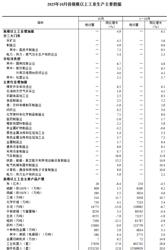 10月份,規(guī)模以上工業(yè)增加值同比實際增長4.9%(增加值增速均為扣除價格因素的實際增長率)。從環(huán)比看,10月份,規(guī)模以上工業(yè)增加值比上月增長0.17%。1—10月份,規(guī)模以上工業(yè)增加值同比增長6.1%。
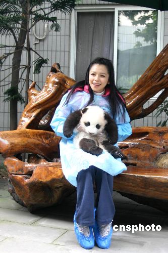 12月10日上午,台湾当红明星徐若瑄到成都大熊猫繁育研究基地,与大熊猫第一次亲密接触,捐资5万元人民币认养2006年8月31日出生的雄性大熊猫“小娇子”,并为之取名为“V王子”。中新社发 杨菲菲 摄
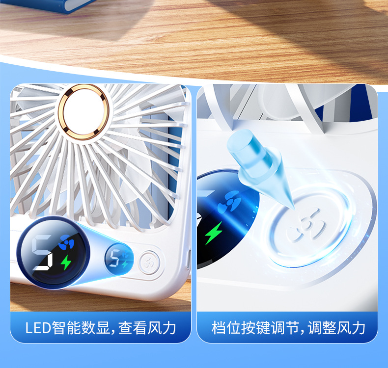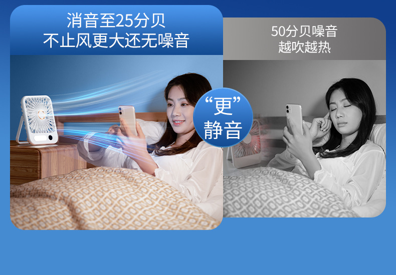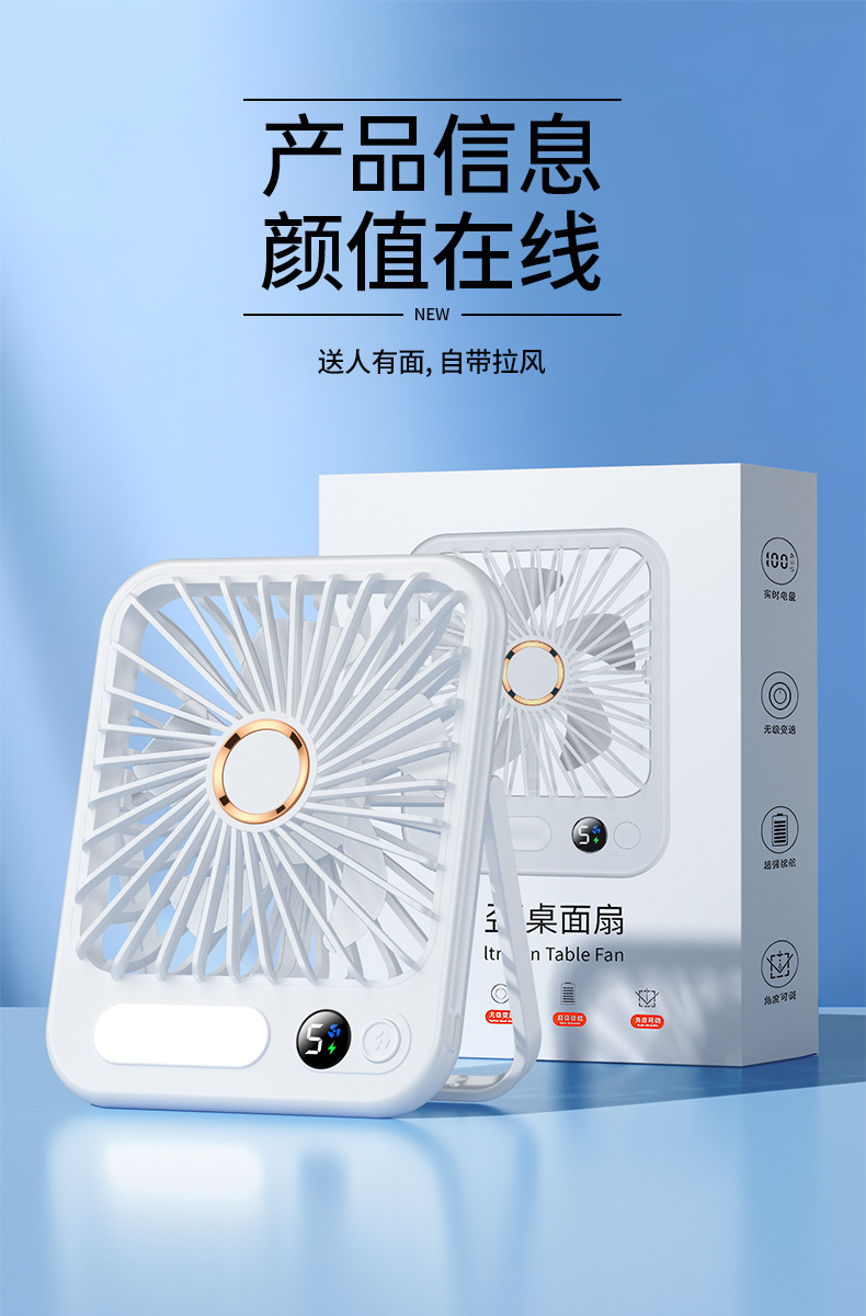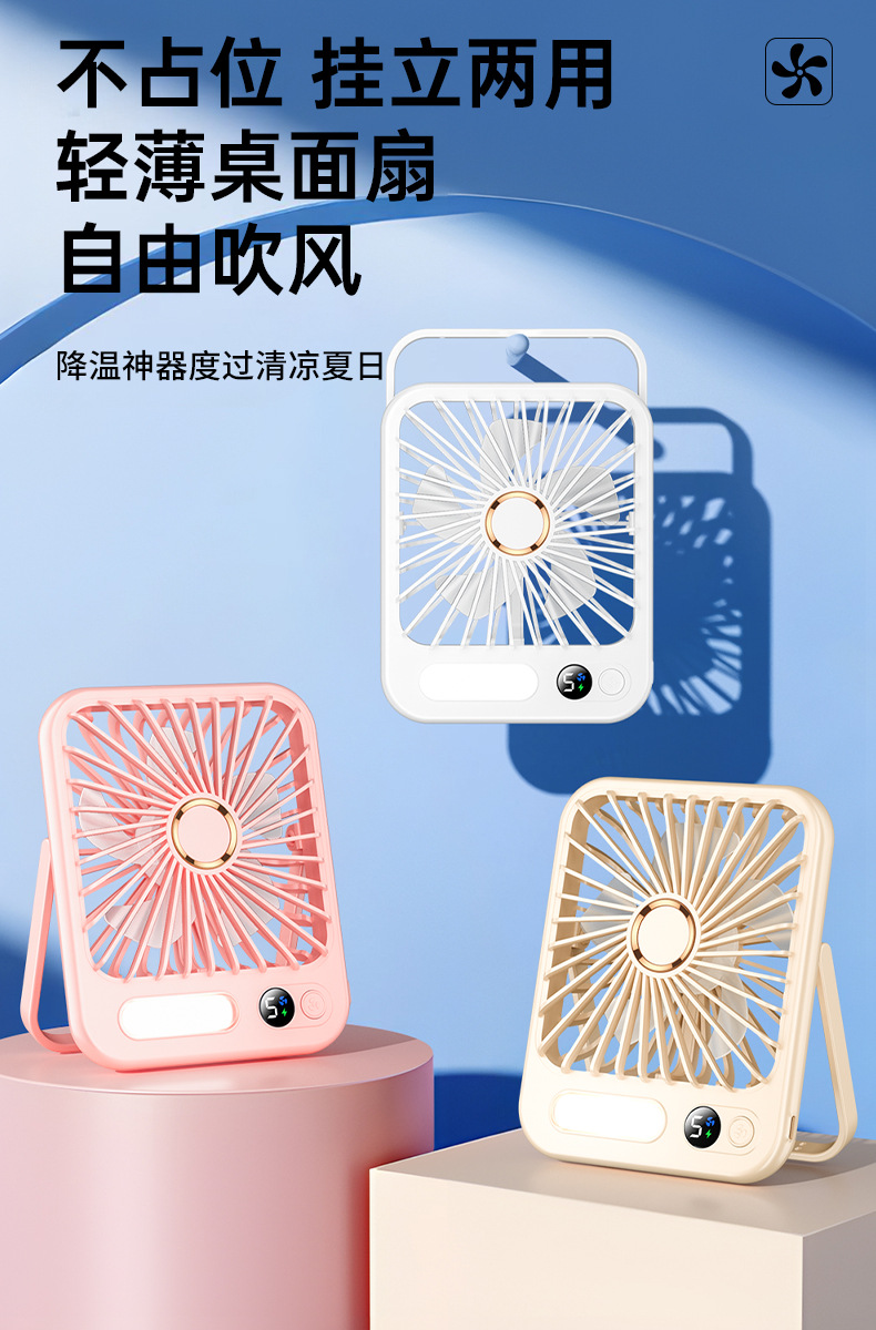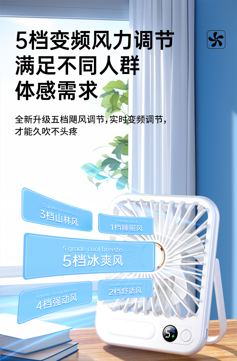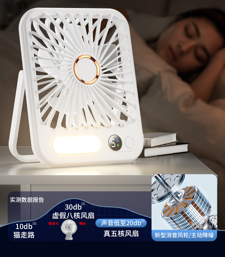 【比空调还凉快!】2025新款桌面usb充电小风扇 智能变频五档 温馨小夜灯 桌面悬挂两用 超轻静音小型风扇 学生宿舍 办公室强力电风扇 迷你便携折叠式
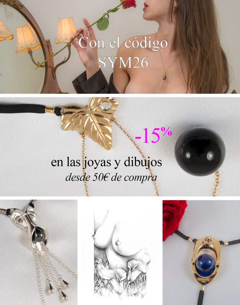 Utiliza su código SYM26 y disfruta de descuentos* en más de 300 joyas íntimas y dibujos eróticos, a partir de 50 euros de compra ! Déjese seducir para joyas para Ella : los tangas, las joyas para el pecho, las joyas para el clítoris y juguetes sexuales… Déjese seducir para adornos sin piercing para El… Déjese seducir por los originales dibujos eróticos o las obras en edición limitada de Sylvie Monthulé. *Estos descuentos no se aplican a las joyas que ya están en promoción, ni a las ofertas de fin de serie.
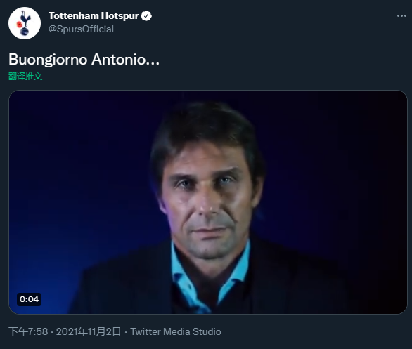 热刺官方最早在北京时间19时43分发布了孔蒂手持热刺球衣的官宣照,但随即将此消息删除。而在北京时间晚20时整时,热刺官方发布了一条17秒的视频,并用意大利语写道:“早上好,安东尼奥!”
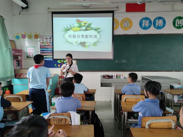 活动中,队员们在辅导员的仔细讲解中,认识到了:生活垃圾分类是按垃圾的不同成分、属性、利用价值和对环境的影响,并根据不同处置的要求,分成属性不同的若干种类。实现垃圾减量化、资源化和无害化;中山市生活垃圾分类工作目标是全市到2025年基本建成生活垃圾分类处理城乡一体化系统。同学们再通过观看视频和课件,对“中山市生活垃圾分类标准”、“有害垃圾分类情况”和“垃圾处理方式”有了更深入的了解。最后,大家共同约定,主动做好垃圾分类,例如:多阅读垃圾分类宣传报刊,继续加强对垃圾分类的学习;在班里设置废纸回收箱,提高废纸的利用价值;把有害垃圾做指定投放……
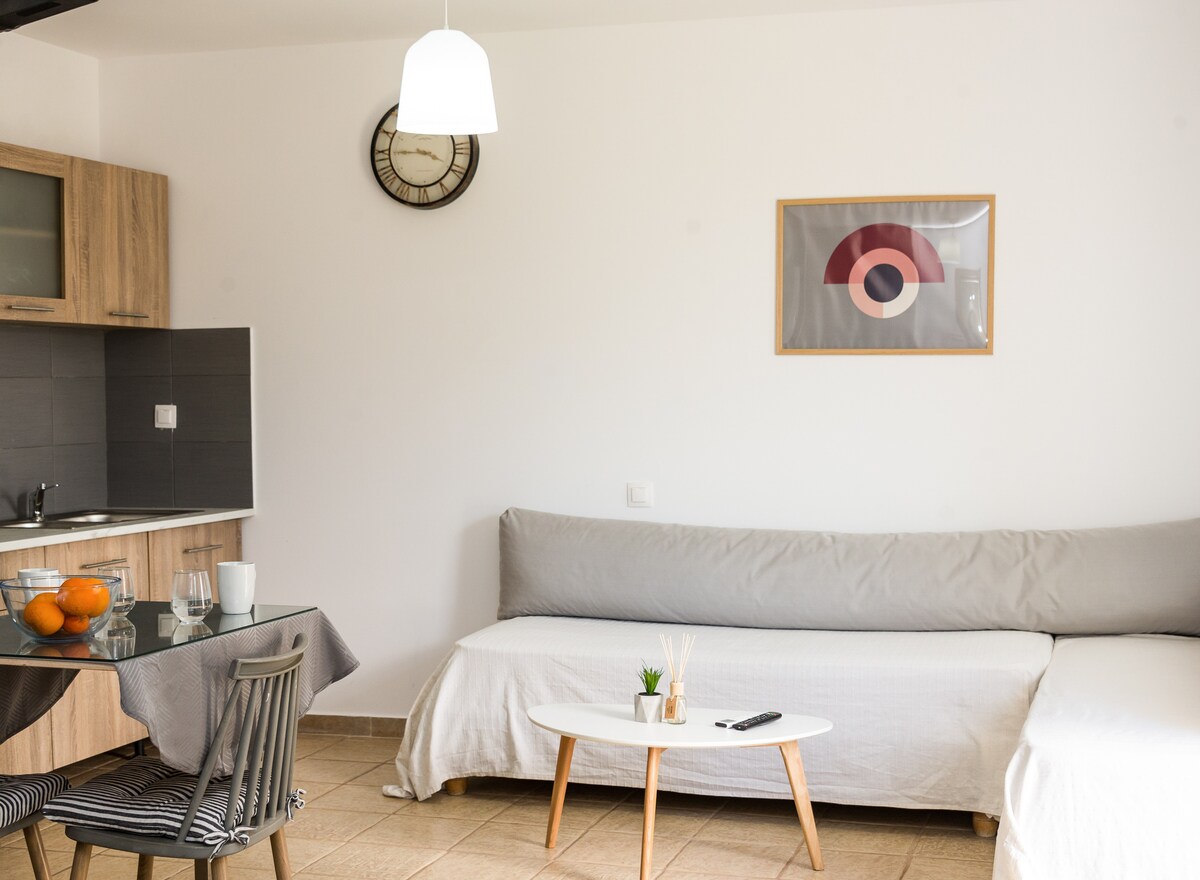 Das Zimmer verfügt über ein Doppelbett (180 x 200 cm), ein EINZELBETT (90 X 200) und ein Schlafsofa (85 x 195 cm) . Genieße moderne Annehmlichkeiten wie kostenfreies WLAN, Klimaanlage und eine vollausgestattete Küche in einem Raum, der Eleganz und Funktionalität nahtlos kombiniert. Das Meer ist nur 5 Minuten mit dem Auto oder einem 8-minütigen Spaziergang entfernt. Bitte informiere uns vor deiner Abreise, wenn du eine Quittung oder eine Rechnung benötigst.

=-=-=

• Exercise description
Using the records above, return word for word the lines that begin at the one containing "学生宿舍 办公室强力电风扇 迷你便携折叠式" and end at the one containing "活动中,队员们在辅导员的仔细", both of them included and no pictures.

• Expected answer
 【比空调还凉快!】2025新款桌面usb充电小风扇 智能变频五档 温馨小夜灯 桌面悬挂两用 超轻静音小型风扇 学生宿舍 办公室强力电风扇 迷你便携折叠式
 Utiliza su código SYM26 y disfruta de descuentos* en más de 300 joyas íntimas y dibujos eróticos, a partir de 50 euros de compra ! Déjese seducir para joyas para Ella : los tangas, las joyas para el pecho, las joyas para el clítoris y juguetes sexuales… Déjese seducir para adornos sin piercing para El… Déjese seducir por los originales dibujos eróticos o las obras en edición limitada de Sylvie Monthulé. *Estos descuentos no se aplican a las joyas que ya están en promoción, ni a las ofertas de fin de serie.
 热刺官方最早在北京时间19时43分发布了孔蒂手持热刺球衣的官宣照,但随即将此消息删除。而在北京时间晚20时整时,热刺官方发布了一条17秒的视频,并用意大利语写道:“早上好,安东尼奥!”
 活动中,队员们在辅导员的仔细讲解中,认识到了:生活垃圾分类是按垃圾的不同成分、属性、利用价值和对环境的影响,并根据不同处置的要求,分成属性不同的若干种类。实现垃圾减量化、资源化和无害化;中山市生活垃圾分类工作目标是全市到2025年基本建成生活垃圾分类处理城乡一体化系统。同学们再通过观看视频和课件,对“中山市生活垃圾分类标准”、“有害垃圾分类情况”和“垃圾处理方式”有了更深入的了解。最后,大家共同约定,主动做好垃圾分类,例如:多阅读垃圾分类宣传报刊,继续加强对垃圾分类的学习;在班里设置废纸回收箱,提高废纸的利用价值;把有害垃圾做指定投放……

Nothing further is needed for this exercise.